Work to be completed:
Where the data below begins, start retyping exactly, and end on the line with "Siblings and Twins, a", which is included; no picture goes in.

Data excerpt:
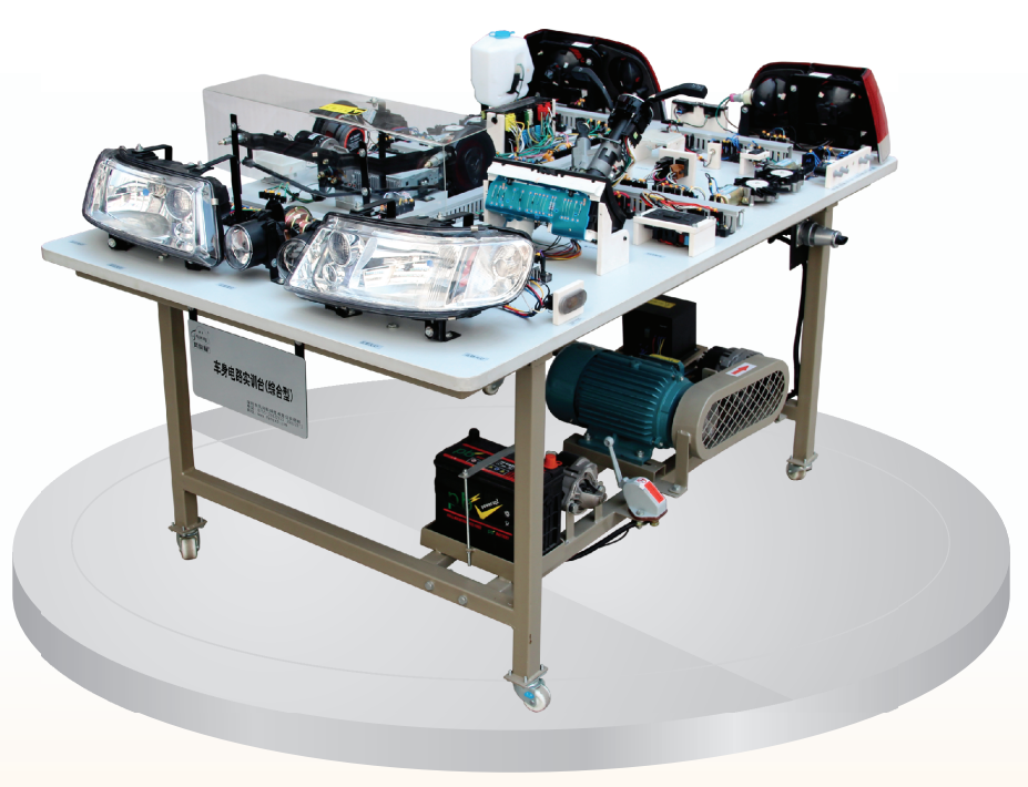實訓臺面板、組合儀表、組合開關、前燈 總成、后燈總成、雨刮總成、噴水電機、喇叭、起動機總成、發電機總成、異步電機、各傳感器、蓄電池、電源開關等。
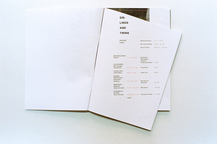 Siblings and Twins, a catalogue of Haegue Yang’s installation works, documents the same-titled exhibition held at Portikus, Frankfurt am Main. The exhibition was part of a serial project designed by Yang in which she staged additional installations in other international exhibition sites. The works are formally distinct but are connected by metaphorical parallels. Yang’s current works are based on the lives of a variety of historical characters marked by an intense struggle with their own fate in pursuit of their political ideals. In the case of “Siblings and Twins,” shown at Portikus, Yang worked with two heroes: Kim San, the fighter for Korea’s freedom, and the French author Marguerite Duras. Yang is distinguished by her ability to place abstractly conceived, complex states of affairs in the world into a self-supporting language of formal abstraction.
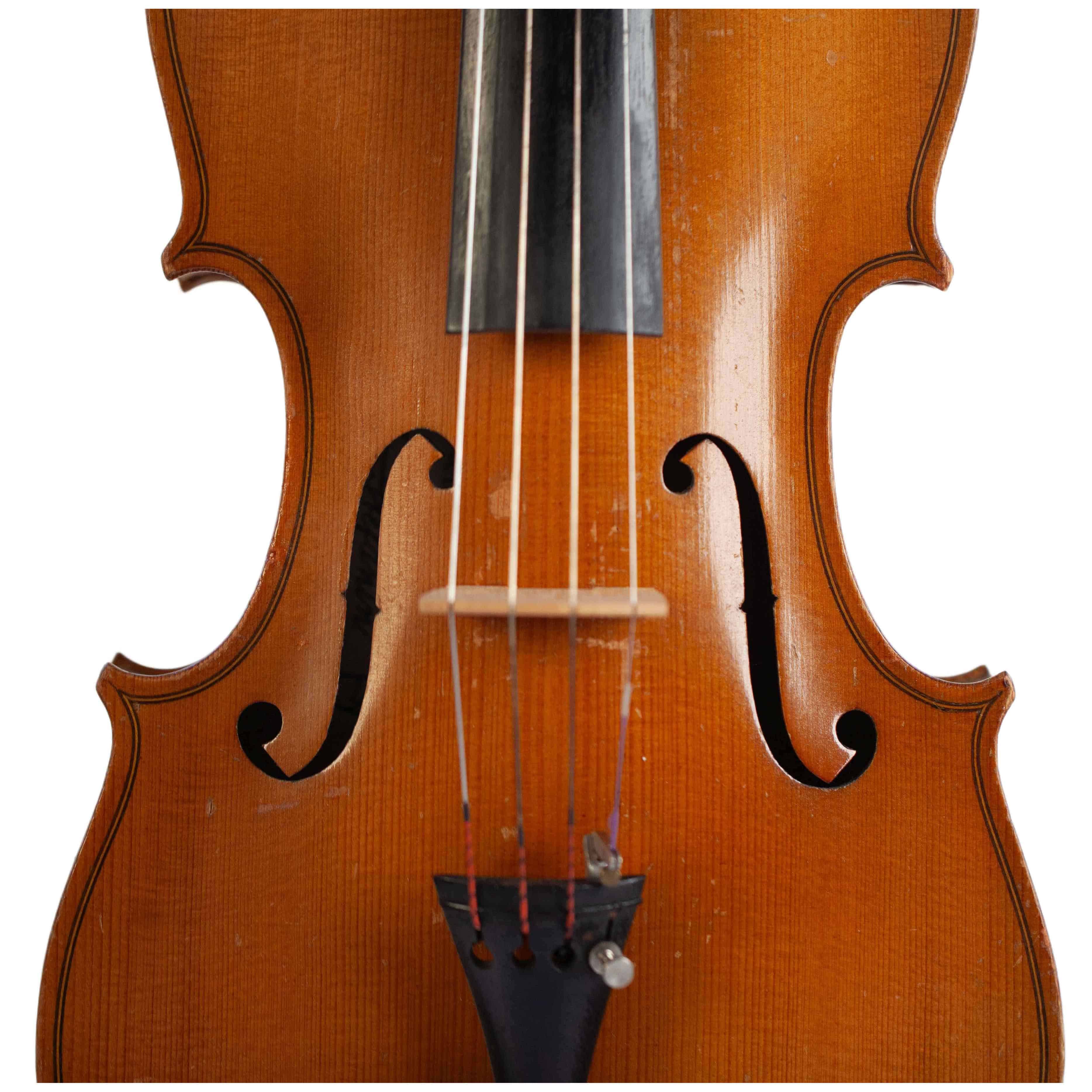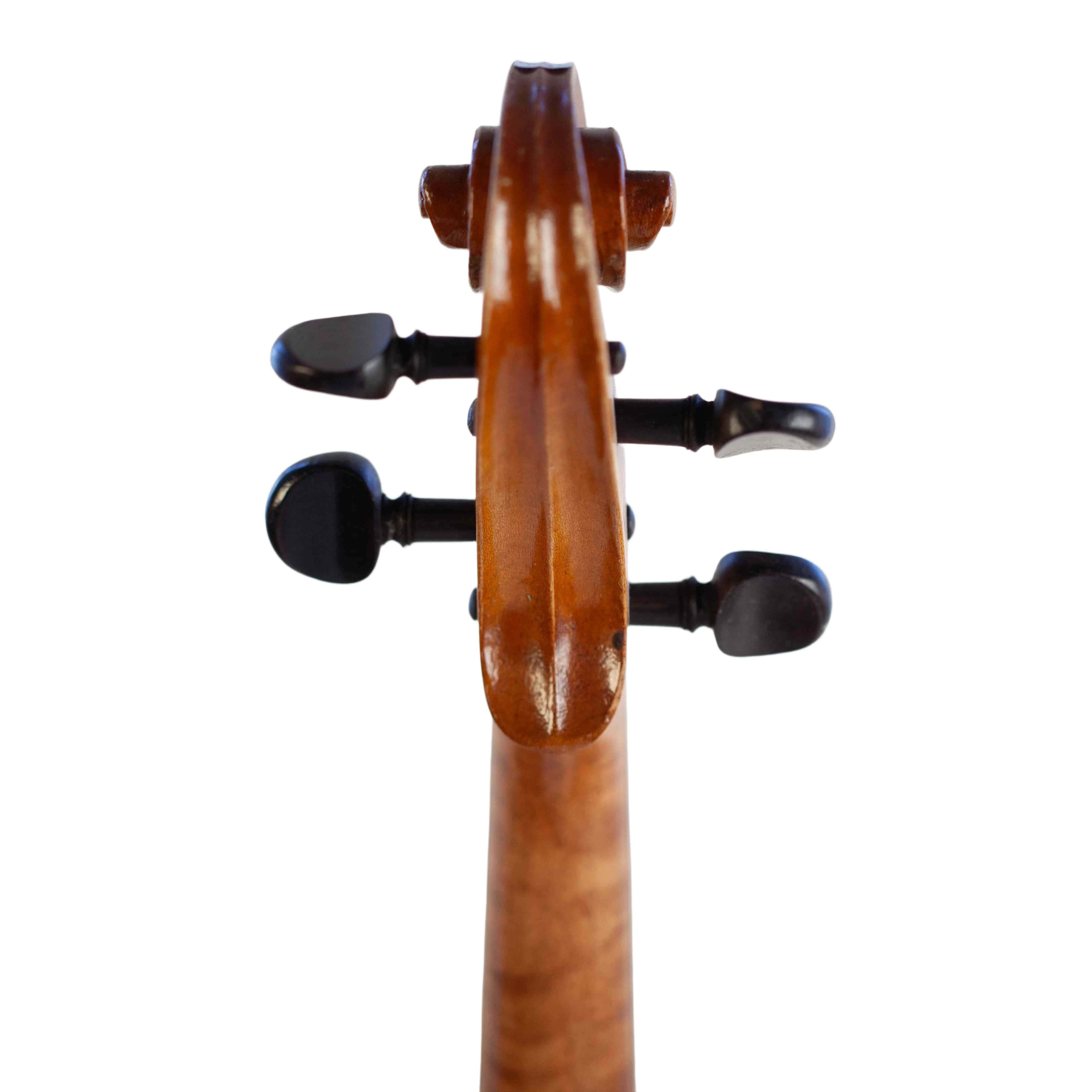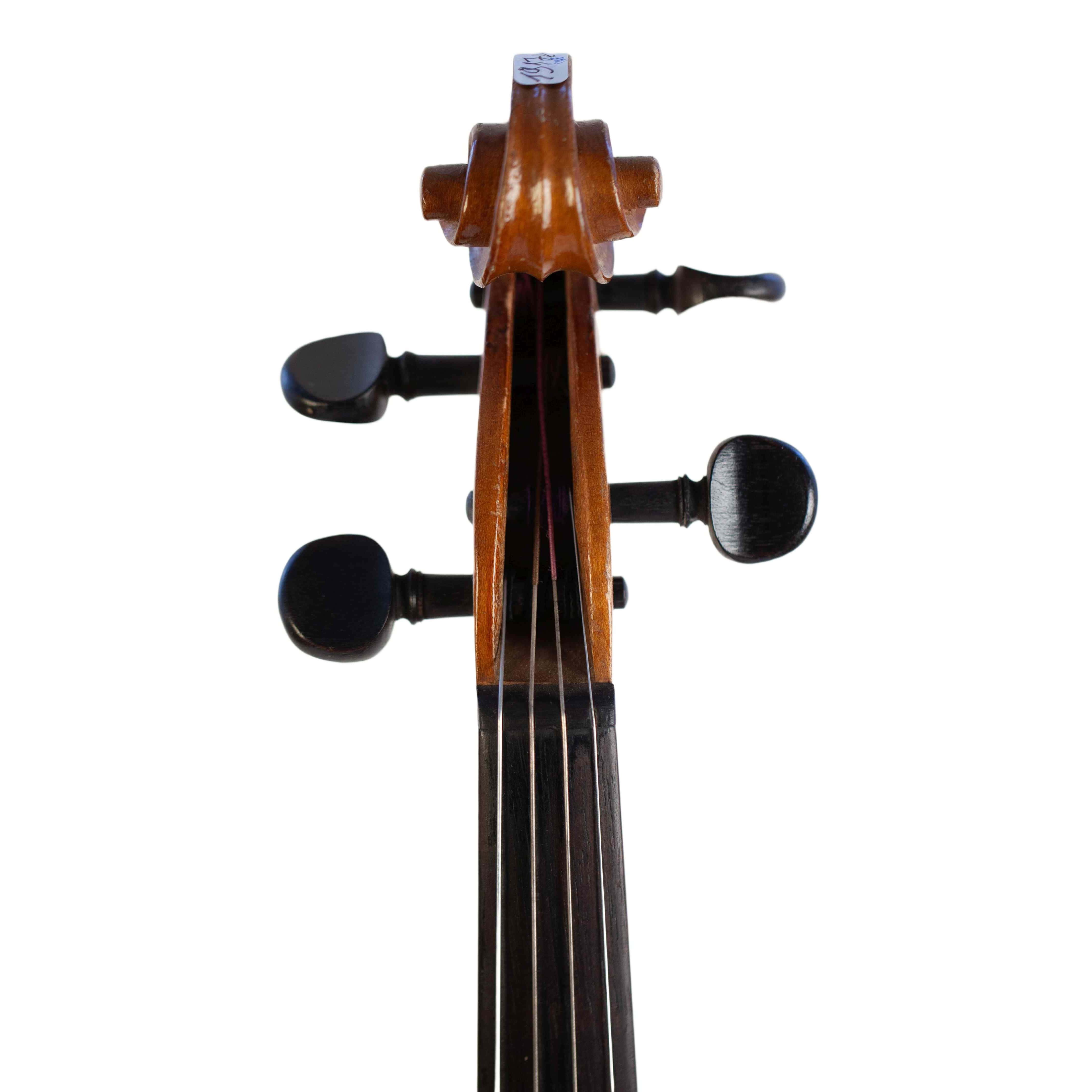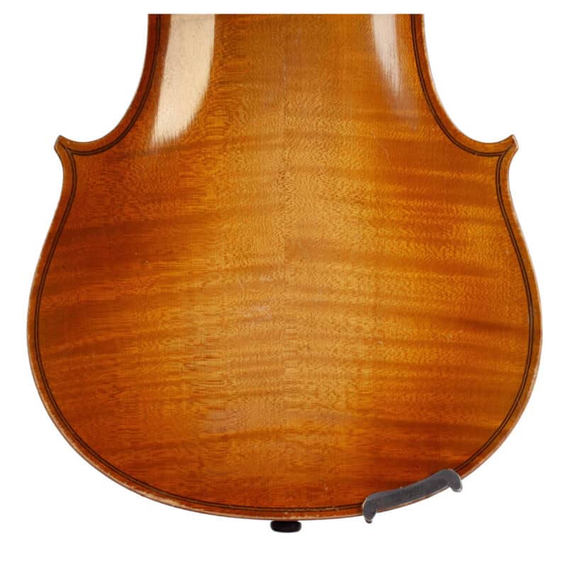 The whole length of the violin is 589 mm and the back 360 mm. The width of the upper bouts: 167 mm; middle bouts: 113 mm; lower bouts: 206 mm.

Final answer:
實訓臺面板、組合儀表、組合開關、前燈 總成、后燈總成、雨刮總成、噴水電機、喇叭、起動機總成、發電機總成、異步電機、各傳感器、蓄電池、電源開關等。
 Siblings and Twins, a catalogue of Haegue Yang’s installation works, documents the same-titled exhibition held at Portikus, Frankfurt am Main. The exhibition was part of a serial project designed by Yang in which she staged additional installations in other international exhibition sites. The works are formally distinct but are connected by metaphorical parallels. Yang’s current works are based on the lives of a variety of historical characters marked by an intense struggle with their own fate in pursuit of their political ideals. In the case of “Siblings and Twins,” shown at Portikus, Yang worked with two heroes: Kim San, the fighter for Korea’s freedom, and the French author Marguerite Duras. Yang is distinguished by her ability to place abstractly conceived, complex states of affairs in the world into a self-supporting language of formal abstraction.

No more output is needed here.